Caught him off Navarre pier yesterday! Roughly 20lbs. Went to Broxson's in Navarre after I caught him to get ice and a filet knife. They offered to show me how to filet him which was awesome. I didn't want to waste a lot of meat trying myself for the first time. Cooked it on the grill tonight after marinating in some Italian dressing and it tasted really good. This is one of the reasons I shop at Broxson's, I've learned a lot from shopping there and have received great customer service!


----------



## Illinijeff (Mar 28, 2011)

After


----------



## grey ghost (Jul 24, 2011)

looks good! sho nuff good


----------



## Yakaholic (Apr 30, 2013)

Good eats right there...very nice.


----------



## The Pitt (Apr 7, 2012)

Nice. Good guys there at Broxons.


----------



## flex (Feb 26, 2013)

i take it you caught it on frozen cigar minnows?


----------



## Illinijeff (Mar 28, 2011)

Sure did flex


----------



## ksheepdog (Feb 2, 2010)

Nice!


----------



## kiddo12 (Feb 10, 2012)

nice fish it even look better on the grill


----------



## cobe killer (Apr 13, 2008)

dang!!!!!!!!! that looooooks gooooooooooood!!!! congrats on your first king!


----------



## M.STEWART (Dec 5, 2008)

*Bassmaster*

Yummmmm


----------



## Austin (Sep 30, 2007)

Good job dude! You've been soaking in information for quite a while, glad it payed off! How did you like the fight?


----------



## DAWGONIT (Jan 16, 2009)

WTG! Great eats for sure.
Thanks for sharing report & pics.
catch 'em up.


----------



## bowdiddly (Jan 6, 2010)

James and his staff at Broxson's go the extra mile. He would be glad you posted your experience.

Great fish.


----------



## tkh329 (Mar 14, 2012)

Looks incredible! Always great to hear positive stuff. I'll have to check out Broxson's!


----------



## Illinijeff (Mar 28, 2011)

Austin it was badass to say the least. Great fight pretty cool watching him just rip drag from the 706.


----------



## Randall2point0 (Feb 11, 2011)

Wirelessly posted

The important thing here is what's on the kabobs. Lol looks good!


----------



## damnifino3 (Sep 23, 2012)

Nice catch...and I agree with the service at Broxsons. What a great experience all around.
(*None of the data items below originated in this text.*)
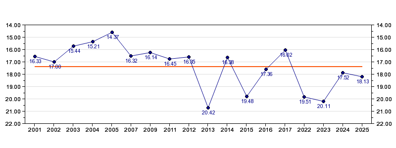 | 2025 | Kalkulator | 18:13 (992 m/h) | 03:30 (922 m/h, 92 %) | 09:00 (05:30, 1000 m/h, 100 %) | 15:55 (06:55, 991 m/h, 99 %) | 18:13 (02:18, 1085 m/h, 109 %) |
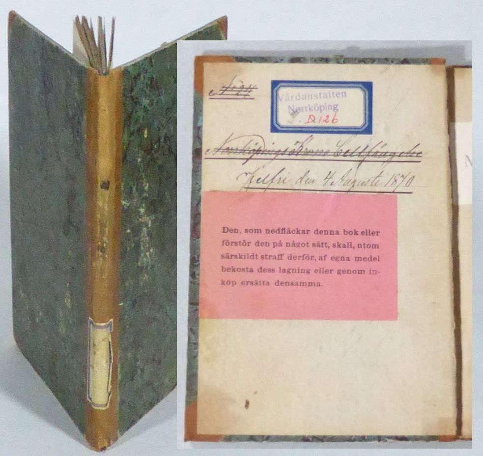 Stockholm; Ebeling & comp., 1856. Originalupplaga. 18x12,5 cm. (2, 2 blanka), 69, (1 blank) s. Ljusbrunt halvfranskt band med pappersetikett på ryggen och marmorerade pärmpapper. Omslag ej medbundet. Exlibris för Marianne & Fritz Serenander på främre försättsblad. Ryggen aningen nött samt med några fläckar där det ser ut att ha suttit änne en etikett. Inlagan med några spridda småfläckar. Främre innerpärm med delvis överstruken accessionsnotering för Norrköpings Krono-Cellfängelse, daterad 1870 och införd som nr 24, senare etikett för Vårdanstalten Norrköping, samt med en inklistrad lapp med texten: ""Den, som nedfläckar denna bok eller förstör den på något sätt, skall, utom serskildt straff derför, af egna medel bekosta dess lagning eller genom inköp ersätta densamma.""
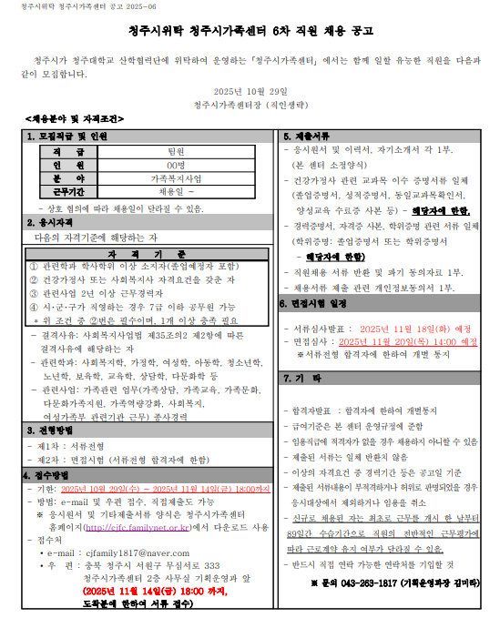 청주시위탁 청주시가족센터 6차 직원 채용 공고

Sent from my SAMSUNG-SGH-I777 using Forum Runner


----------



## Boat-Dude (Sep 24, 2011)

Congratulations on your first kind dude!!! The guys at Broxson's are some great guys and very helpful, their new store looks great. Keep catching kings and posting pictures. :thumbsup:


----------



## PAWGhunter (Feb 3, 2010)

Nice one!!!


----------



## L Hull (Jan 19, 2011)

Nice catch, I'm envious. lol


----------



## Linda (Oct 2, 2007)

Congrats!!


----------



## Rofhnald (Jun 6, 2013)

nice fish it even look better on the grill


----------



## Mullethead (Oct 4, 2007)

Congrats with a nice first King, hope its the first of many.....
And the class act for plugging good customer service


----------